Is there a way to instruct GCC (I'm using 4.8.4) to unroll the while
loop in the bottom function completely, i.e., peel this loop? The number of iterations of the loop is known at compilation time: 58.
Let me first explain what I have tried.
By checking GAS ouput:
gcc -fpic -O2 -S GEPDOT.c
12 registers XMM0 - XMM11 are used. If I pass the flag -funroll-loops
to gcc:
gcc -fpic -O2 -funroll-loops -S GEPDOT.c
the loop is only unrolled two times. I checked the GCC optimization options. GCC says that -funroll-loops
will turn on -frename-registers
as well, so when GCC unrolls a loop, its prior choice for register allocation is to use "left over" registers. But there are only 4 left over XMM12 - XMM15, so GCC can only unroll 2 times at its best. Had there been 48 instead of 16 XMM registers available, GCC will unroll the while loop 4 times without trouble.
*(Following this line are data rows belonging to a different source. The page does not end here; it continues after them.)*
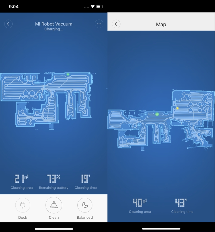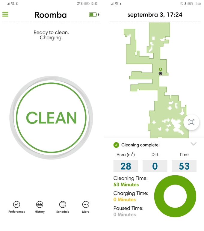 Mobilná aplikácia tiež umožňuje nastaviť bežné alebo dvojité čistenie, prípadne nechať na rozhodnutí robota, ktoré miestnosti koľkokrát vysaje. Dvojité čistenie je vhodné využívať v prípade, že máte doma domáceho maznáčika. Samotná mobilná aplikácia je pomerne jednoduchá, čo je pre mnohých vítané. Prvotné spárovanie vysávača je jednoduché a nestratíte sa ani v nastaveniach. Na rozdiel od Xiaomi, iRobot aplikácia slúži iba na ovládanie vysávača.
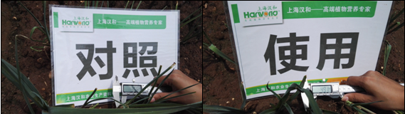 效果說(shuō)明:在大蒜苗期使用歐神微生物菌劑+葉色美能明顯促進(jìn)葉片生長(zhǎng),試驗(yàn)組葉片厚度幾乎是對(duì)照的兩倍。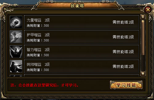 技能塔:在这里玩家可以学会一些公会能独有的技能,让你能力更上一层楼。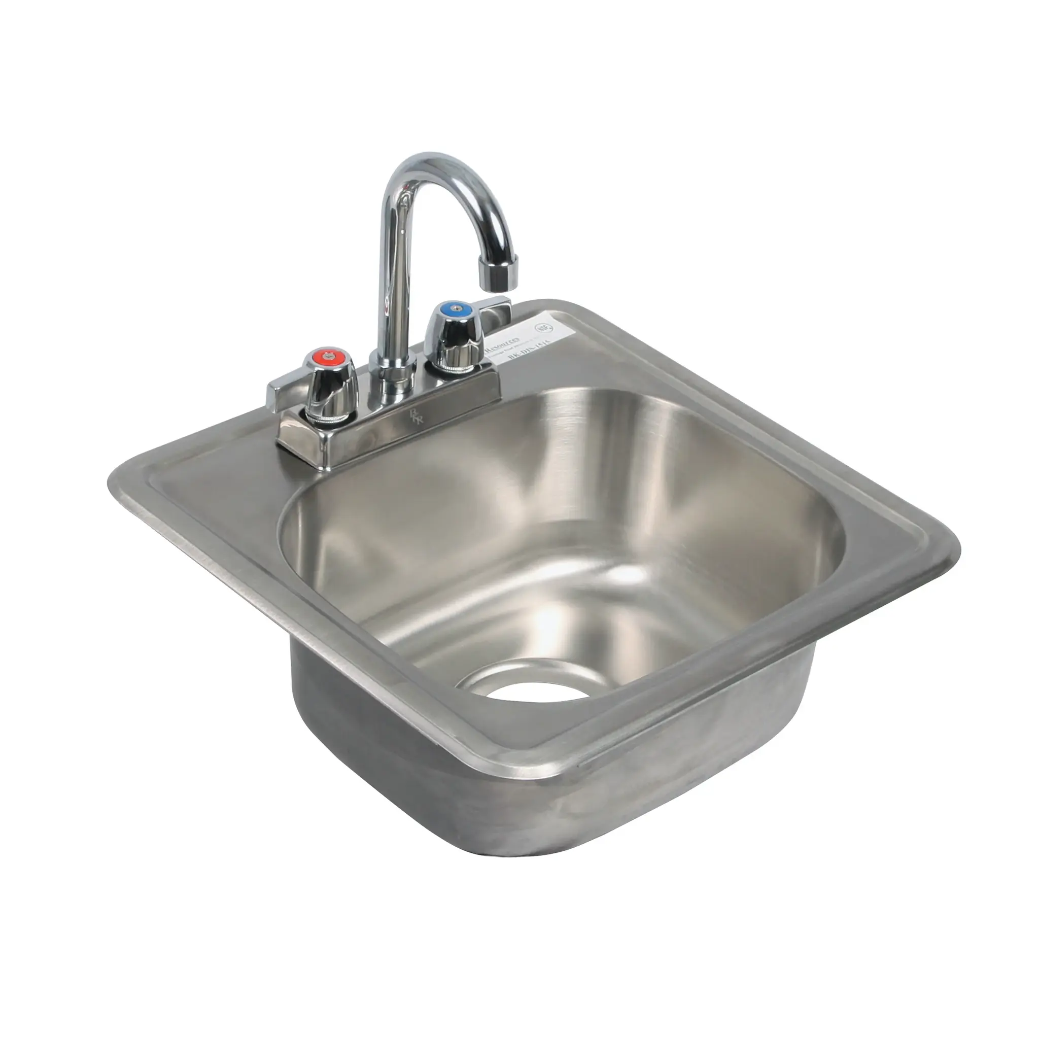 Elevate your cuisine with the BK Resources, BK-DIS-1515-P-G Drop-In Sink. This one-compartment sink is designed to meet the demands of a commercial restaurant kitchen. Made from 20/304 stainless steel, it offers durability and longevity, ensuring it can withstand the rigors of daily use. The sink features a 12" wide x 10" front-to-back x 5-3/4" deep compartment, providing ample space for washing and rinsing dishes. It also includes a deck mount faucet (BKD-3G-G) and a basket drain (BKDR-4) for added convenience. The 14-9/16" x 14-9/16" cutout with 1-1/2" RA at corners is required for installation. This drop-in sink is lead-free and NSF certified, guaranteeing its safety and compliance with industry standards. Trust BK Resources to deliver a high-quality sink that enhances the efficiency and functionality of your commercial kitchen.

Yet I did another experiment. I first unrolled the while loop two time manually, obtaining a function GEPDOT_2
. Then there is no difference at all between
gcc -fpic -O2 -S GEPDOT_2.c
and
gcc -fpic -O2 -funroll-loops -S GEPDOT_2.c
Since GEPDOT_2
already used up all registers, no unrolling is performed.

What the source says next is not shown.